Continuing with the ACE action topic, Microsoft has added an event that developers can handle when an error occurs within an ACE action. Simply override the BaseView.onActionError(error: IActionErrorArguments) method to handle your own errors.

This is capability as a developer preview feature in this release.

What’s fixed?

While previous release notes have listed a few bugs that were fixed, and linked to the associated issues in the issue list, but the v1.14 release includes a lot more than normal!

Check the fixed issues in the release notes and you’ll find over 20 associated issues.

Now… I know they’ve been going back and double checking issues that were marked as bugs to see if they had already been fixed and simply forgotten to update the issue in the repro. Some very well may fit that category, but some old one were fixed in SPFx v1.14.

For example, issue #3219 about application customizers was submitted on January 8, 2019 and wasn’t fixed until SPFx v1.14.

Finally… the issue list is getting some much needed attention!

What’s gone?

This release includes is not just about adding and fixing things, but some stuff was also removed and deprecated this time around.

Removed: Use SPFx web parts for Office Add-ins

In January 2020, Microsoft introduced support for creating Office Add-ins for Outlook using SPFx web parts. This was announced as part of the SPFx v1.10 release . But with nearly 2 years of no updates, late last year it started to seem like it wasn’t going to happen.

Then, in the SPFx v1.13.1 release, we pushed updates to the docs that indicated this was downgraded from “developer preview” to “experimental”.

Unfortunately, this release is going to fully back it out, as the IOffice interface & ISDKs.office object are have been removed from the SPFx API.

This means there are no current plans for using SPFx to create Office Add-ins.

Removed: legacy Microsoft Graph APIs

This release also marks the removal of the previously deprecated APIs for Microsoft Graph. Microsoft Graph support was originally introduced in the SPFx v1.4.1 release with the MicrosoftGraphClient API.

This API never made it out of developer preview and instead was replaced with the MSGraphClient in the SPFx v1.6 release .

Microsoft is just getting around to finally removing these old APIs we aren’t supposed to use. Why?

The original MicrosoftGraphClient API was an SDK for Microsoft Graph that the SPFx engineering team created. After creating it, the Microsoft Graph team introduced their own JavaScript SDK .

Well, the SharePoint team basically said ”We should just use their SDK, and we just provide the wrapper to initialize the authentication part of their SDK… then we have less to maintain!” And that’s exactly what the MSGraphClient API does.

So, this removal is just a formality of cleaning things up.

Deprecated: Local workbench from the environment type enum

The SPFx v1.13 release removed the local workbench from SPFx. But, we still had this enum EnvironmentType from the @microsoft/sp-core-library package that indicated it was still a valid option: EnvironmentType.Local.

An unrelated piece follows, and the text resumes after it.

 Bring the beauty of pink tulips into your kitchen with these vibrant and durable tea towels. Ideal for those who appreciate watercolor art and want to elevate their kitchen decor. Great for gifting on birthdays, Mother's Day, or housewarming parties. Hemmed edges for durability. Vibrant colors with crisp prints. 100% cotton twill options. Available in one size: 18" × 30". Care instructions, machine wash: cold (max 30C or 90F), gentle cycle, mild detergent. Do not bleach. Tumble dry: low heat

Well, no more… because we can’t just delete it, it’s been marked as deprecated in the API so you’ve got a heads up that it will eventually get removed from the API.

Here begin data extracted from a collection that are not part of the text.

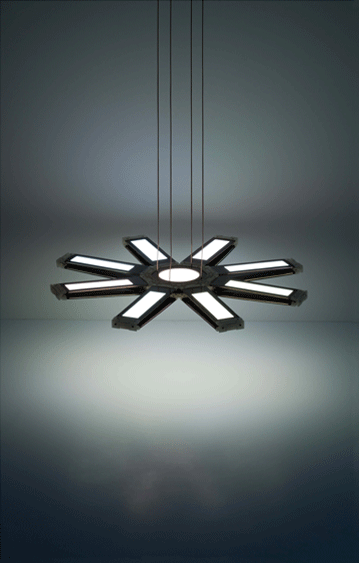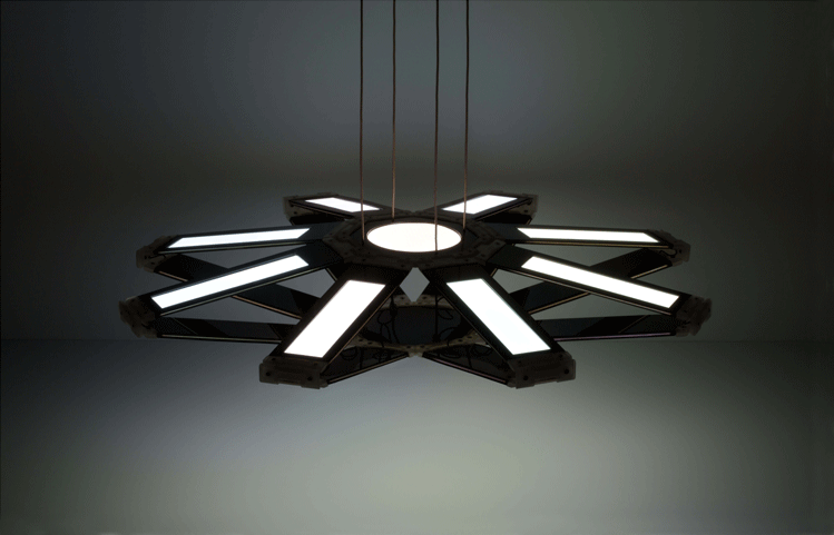Medusa is a foldable OLED pendant lamp. One octagonal OLED, of the type ORBEOS, is connected by joints to eight OLEDS, of the type VEGA. By mirroring this constuction a three dimensional, movable body is created.
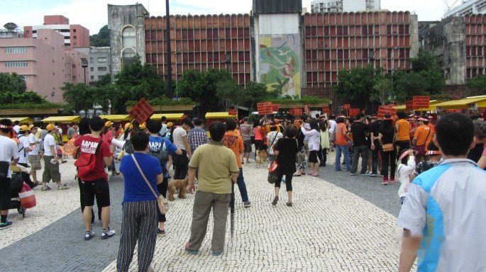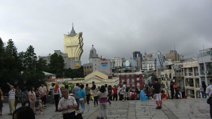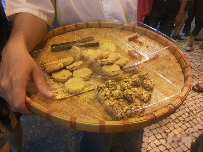 1澳门大三巴前面那条步行街里到处可见的试吃----是澳门特色小吃
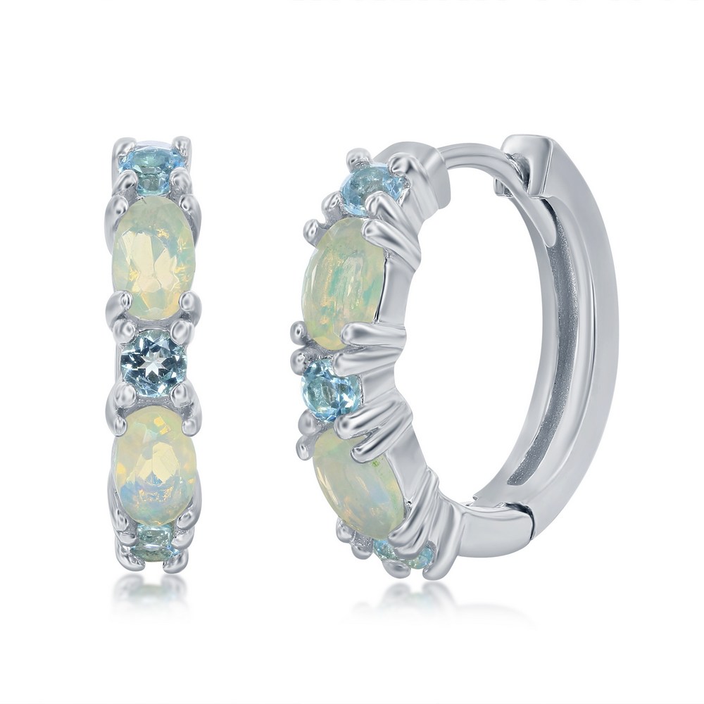 Sterling Silver White Opal & London Blue Topaz 18mm Hoop Earrings

Deprecated: Event when a list’s view is updated for command set extensions

As I covered previously, Microsoft has introduced a new way for us to get information when the current list view changes from a list view command set extension.

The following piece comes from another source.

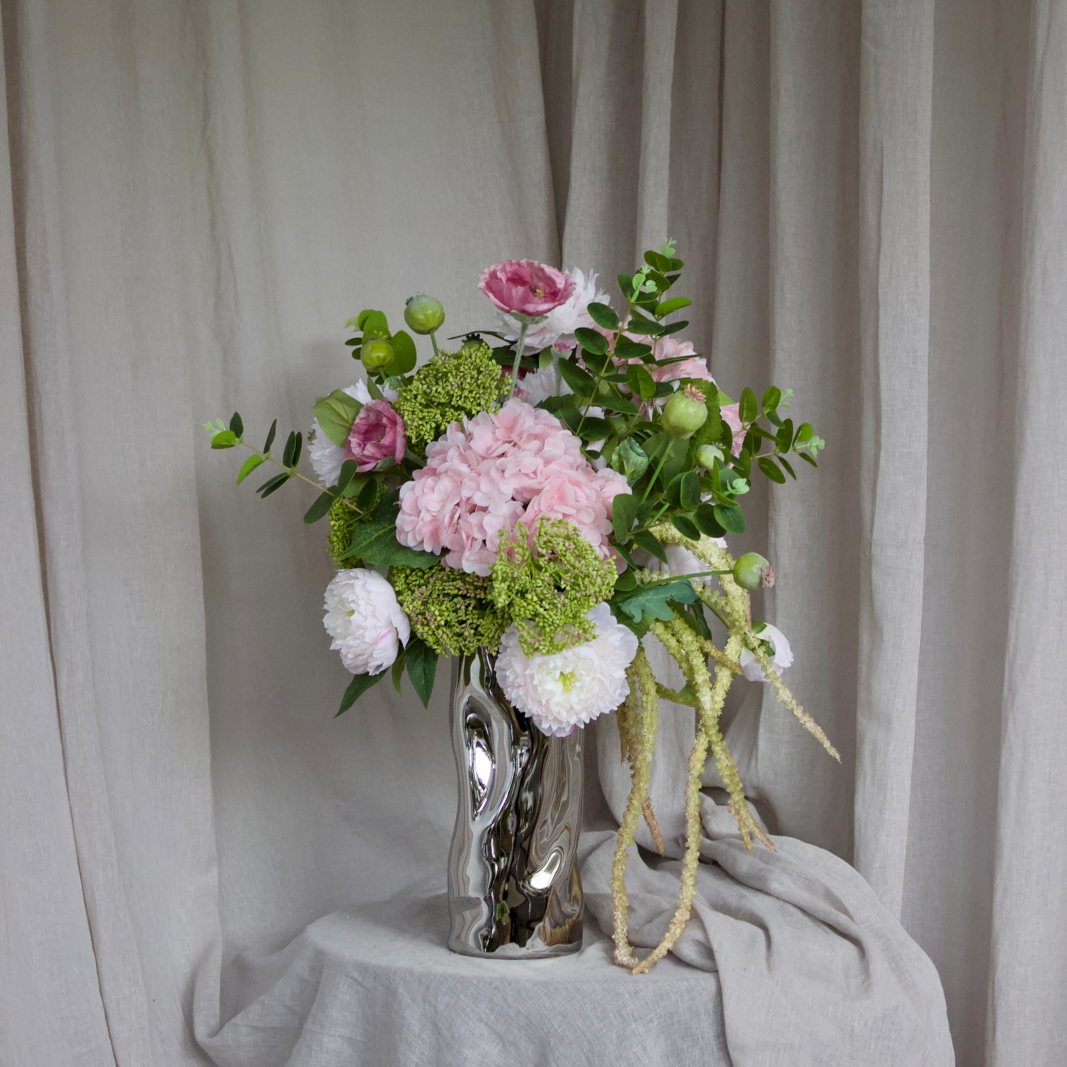 Her står buketten i vores Wave Vase, som måler 28 cm.
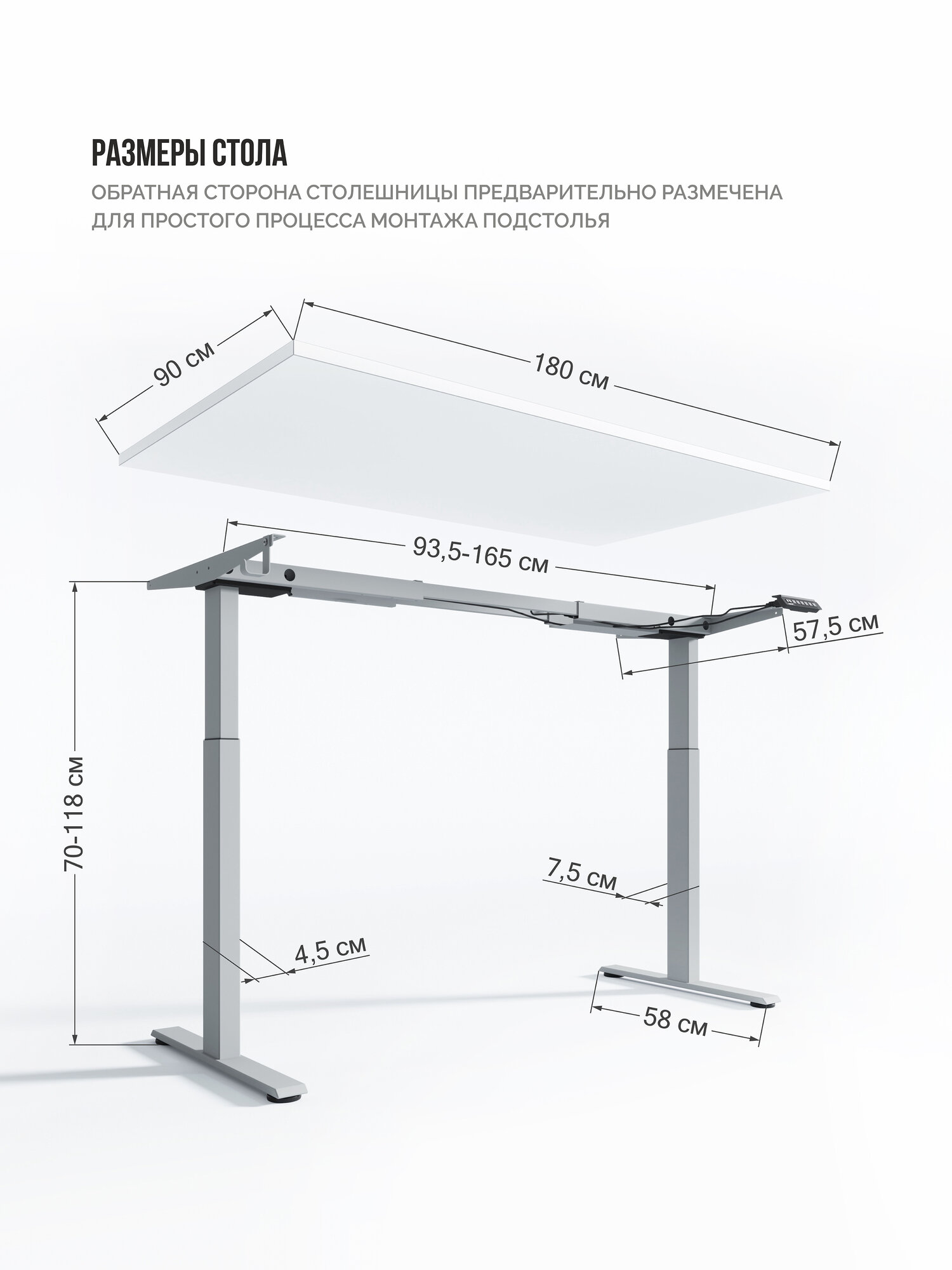 Стол компьютерный Ergostol Optima 2.0 180х90 см, регулируемый по высоте, Дуб термо черно-коричневый/серебристый: сравнение цен, характеристики, фото, актуальное наличие и цены.

With the new event, it’s time to start moving on from the old API as the old way had a completely different signature. So, if you’re using the onListViewUpdated event in your existing list view command set extensions, be aware that this has been deprecated so you’ll want to start upgrading your projects to use the new listViewStateChangeEvent that I covered above.

What’s odd though is this deprecated code is still added when you create a new list view command set extension.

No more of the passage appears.